Собака слушала, слова Морты убаюкивали ее, исповедальный взгляд Чернухи постепенно гас, затягивался, как бельмом, дремотой, она прерывисто задышала и, уверившись в безнаказанности, растянулась у ног хозяйки и застыла, свернувшись калачиком. Пресвятая дева Мария, что я тут наплела, подумала Морта, и ей стало еще тоскливей.
Но куда же он пропал? С ним раньше никогда такого не бывало. Коли говорил: вечером приеду, вечером и приезжал. Может, ограбили? Может, избили до смерти? Нет, нет, теперь Ешуа даже мертвый приползет.
До вечера терпеливо ждала, думала – объявится, а ночью?.. Ночью и спросить-то некого. Не бежать же на ночь глядя на развилку к Семену. Да и что он, юродивый, знает?
Она дождется утра и, коли утром Ешуа не вернется, сама поедет в Россиены и разыщет его.
Но до утра еще – Господи ты, боже мой! До утра еще целых шесть часов.
Куда же деться?
Чернуха зарычала во сне и тут же замолкла.

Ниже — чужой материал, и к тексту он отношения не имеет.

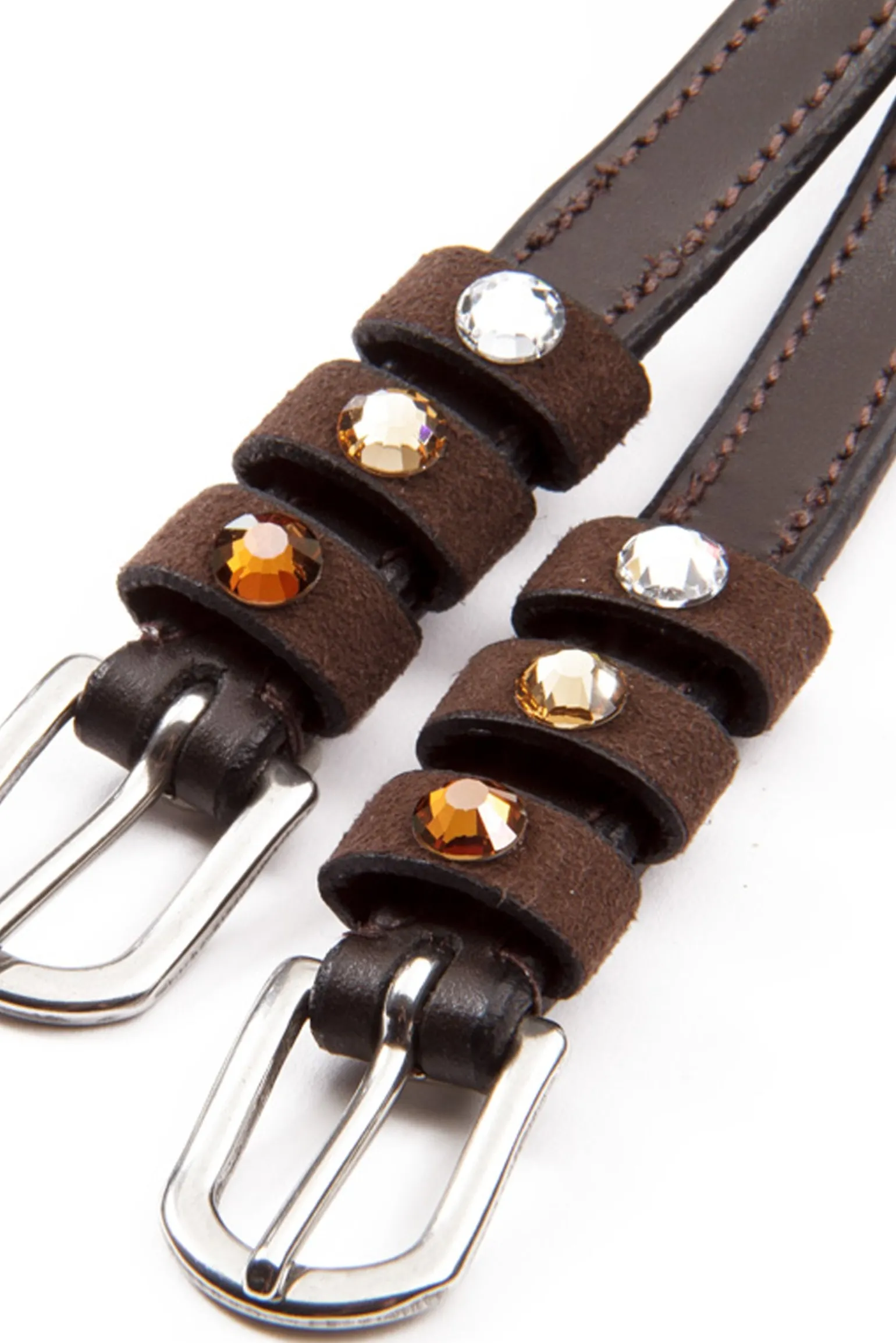 Sporenriemen „Seasons dreams“ aus weichem, langlebigem Qualitätsleder mit farbigen Strasssteinen auf den Schlaufen. Paarweise. Passendes Browband „Seasons dreams“ mit Knopfverschluss.

– Куда же деться? – обхватив живот, вслух сказала Морта.
Ребенок торкнулся в чреве. Морта почувствовала толчок и, поглаживая живот, улыбаясь, продолжала:
– Ты слышишь меня?
И тут же ощутила еще два толчка, только более долгие и настойчивые, чем прежде.
– Ради бога, не торопись, – прошептала она. – Полежи еще немного… всю зиму лежал спокойно, а весной, весной зашевелился… как листочек… как теленочек… – скорей, скорей из хлева!.. Потерпи!.. успеется… Дай травке подрасти, дай солнышку разогреться!
Ребенок как будто внял ее просьбе, и толчки прекратились.
Морта взяла со стола керосиновую лампу и, оставив в горлице спящую собаку, осторожно, так, как обычно шла по воду, направилась в спальню. Лампа осветила новую, сделанную по заказу кровать из красного дерева с высокой резной спинкой, упиравшейся в побеленную стену.
Морта взбила подушки, тоже новые, но не легла, а только присела на краешек кровати.
Все в спальне было не так, как при Хаве.
Даже пол перестелили, покрыли оструганными, пахнущими лесом досками, покрасили городской липучей краской, поблескивающей в темноте, как глазурь на пироге.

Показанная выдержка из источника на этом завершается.